The overwhelming image we got of Chisinau was how ex-Soviet everything seemed. The buildings were a collection of matching grey concrete blocks, the roads were beautifully laid out but had not been maintained for 50 years, the piping was all overground, and there was a general sense of grey blandness. This is in no way an attack on the Moldovan people, or even my impression of them; it’s just a result of Communism’s harsh hand laid on the country for such an extensive period of time.

The first item on the agenda for our self-tour of Chisinau was the Chisinau Brewery, brewer of “Bere Chisinau” and owned by Efes. Our directions were vague but we found our way, hoping we’d be able to land one of the guided tours that we had heard existed. As we pulled up in the car park we noticed that everything looked very closed up, but when the two sets of automatic doors at the front entrance opened as we approached, we thought “oh, maybe it is open after all”. A smiley grey-haired lady and a sturdy balding man sat behind a desk in the foyer, behind which hung a huge map with the location of each Efes brewery in the world lit up with a small globe.

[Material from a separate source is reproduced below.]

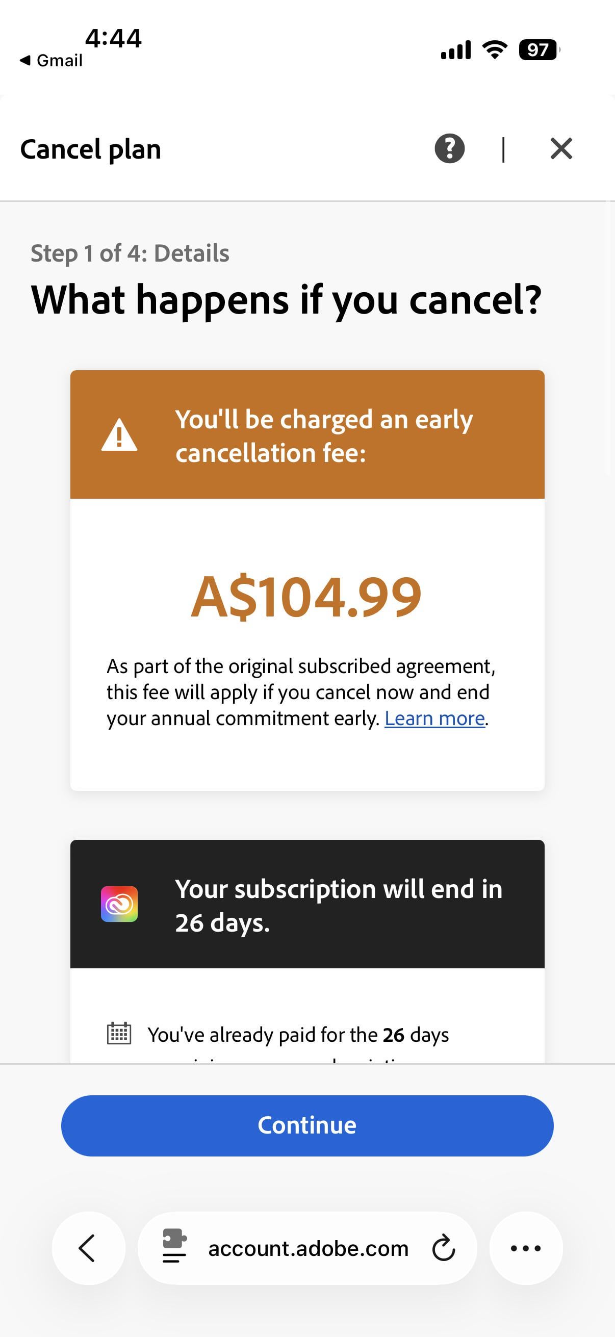 I wanted to cancel my adobe subscription and i must pay extra???? When the sole reason i canceled is to save money..

We asked about having a guided tour but without a word of English it was made quite apparent that this would not be possible. At first we thought they were being dismissive and rude, but the lady then went on to explain why it would not be possible. First she pointed at the next few days on the calendar, crossing her arms in front of her chest in the universal sign for “no” at each day. Then visibly impressed at herself for having such a brain wave she scuttled around the edge of the desk and gestured at a pot plant. By crouching down, then raising her arms and standing up straight she imitated the plant growing, and by opening her hands and waving her fingers she acted out the sun beating down on the plant. We realised that she was saying that in summer the tours run, and when she showed the plant dying she was telling us that in winter the tours don’t run. We were thoroughly impressed by this show of common sense and her insistence at doing everything within her power to communicate with us. All too often we try to communicate with people and with only a little will on their part we would manage, but so many people are not interested in making the slightest bit of effort. This lady was the perfect example of how anyone can speak to anyone else; convey a basic message, with a little bit of thought and effort.

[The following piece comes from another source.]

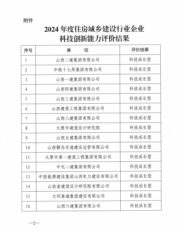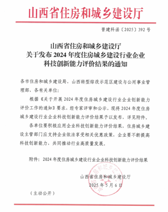 近日,山西省住房和城乡建设厅组织企业科技创新能力评价,我公司获评“2024年度山西省住房城乡建设行业科技成长型企业”。这是暨2024年获得“国家高新技术企业”认定之后,公司在科技创新领域又一项殊荣。

We went searching for the National Museum, this time with an exact address which matched up with the map we had. At this address though was a small boarded up brick building, the type of building that in most places you’d assume hadn’t been in use for several decades, but in this ex-Soviet setting could easily still be home to a museum. We did a block around it to see if we could find an entrance but no, this building really was completely dilapidated and out of use. We were just going to drive down the street assuming that we’d probably been given the wrong street number and hopefully the street name was correct, but then we realised that just across the road was a very National Museum looking building. We parked on the icy pavement outside and approached the stately pre-Soviet stone structure.

It was a surprisingly informative and extensive museum housing an unusual variety of artefacts. There was a lot of Soviet propaganda – both pro and anti, some of it was specific to Moldova or Chisinau, some was relevant to the entire region. There was a huge selection of personal items that had been owned throughout the past few centuries; everything ranging from furniture to razors, paintbrushes and books to car accessories. A wide variety of different styles and periods of artwork led onto a room dedicated to fine china and ceramics. Even a tee-pee was set up as part of a display about various war uniforms, weapons, tactics and stories. Probably the most impressive part though was the very detailed 10 or so metre wide war diorama depicting WWII. That we could have spent hours looking at, observing all the tiny details that together told the grand story.

The Moldovan national monument, a structure that closely resembles the Arch de Triumph only on a much small scale, is opposite the Government building, separated by a wide boulevard designed for military marches and displays. As it was mid January most of Europe’s Christmas markets had closed down weeks ago, but Chisinau’s one was still running at full pelt on this wide expanse of road. Queues of families waited to have their photos taken in one of the Christmas/Santa/winter scenes that were set up in a line of booths. Several Mr and Mrs Clauses meandered around the market speaking with children and handing out goodies. One Mr and Mrs Clause were even running a miniature train on wheels.

We had lunch in a fine example of a Russian/Eastern European canteen, which like so many places we found completely by accident. This style of eatery is part of the culture of this region that we have really grown to love and enjoy. They tend to be very basic and relatively cheap (although not necessarily the absolute cheapest option), but the food is tasty and filling and much more varied than what you’ll find at a lot of other cheap restaurants. This type of eating probably isn’t for everyone – it’s certainly not very luxurious, but the down-to-earth comfort and anonymity that we found became something we really appreciated.